4.2.6. Parasite Load Assay

After specific treatment, macrophages were washed with 1X cold PBS followed by fixation in 4% paraformaldehyde (PFA), and permeabilization in 0.1% Triton X. Thereafter, the cells were stained with DAPI (1 µg/mL). Parasites per macrophage were calculated using EVOS FL fluorescence microscope and they were represented in terms of infectivity index (percentage of infected cells x number of parasites per infected cells).

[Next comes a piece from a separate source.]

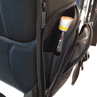 サイドのファスナーポケットにはペットボトルや折り畳み傘の収納に最適です。両サイドに計4つのポケットを装備

4.2.7. Estimation of NO Production

Presence of Nitrite in culture media is an indicator of Nitric oxide production by cells (precisely macrophage polarization towards M1 phenotype). The cell culture supernatant in 150 µL volume is treated with 20 µL of Griess reagent (0.1% N-(1-naphthyl)ethylenediamine and 1% sulfanilic acid in equal volume; Thermofisher Scientific) to set a total volume of 300 µL per reaction and incubated for 10 min at room temperature followed by colorimetric estimation at 540 nm Lipopolysaccharide (LPS) is taken as positive control (1 μg/mL).

4.2.8. Animal Maintenance

Female BALB/c mice, 6–8 weeks old with 18–20 g weight, originally procured from The Jackson Laboratory (Bar Harbor, ME, USA) and maintained in the Experimental Animal Facility of National Centre for Cell Science (NCCS), Pune were taken. Animals were used according to the Institutional Animal Ethical Committee–approved animal use protocol (IAEC Project Number-IAEC/2016/B-269). Post experimentation procedures involved Euthanasia which had CO₂ dose asphyxiation. Carcasses were bagged and stored in the freezer and handed over in color coded bags to Pune Municipal Corporation (PMC) authorized biomedical waste disposal agency at their regular collection intervals.

4.2.9. Statistical Analysis

The in-vitro experiments were performed in triplicates. The error bars are represented as mean ± s.d. The statistical significance between the indicated experimental and control groups was deduced by using Student’s t-test and One way ANOVA (with Tukey’s correction).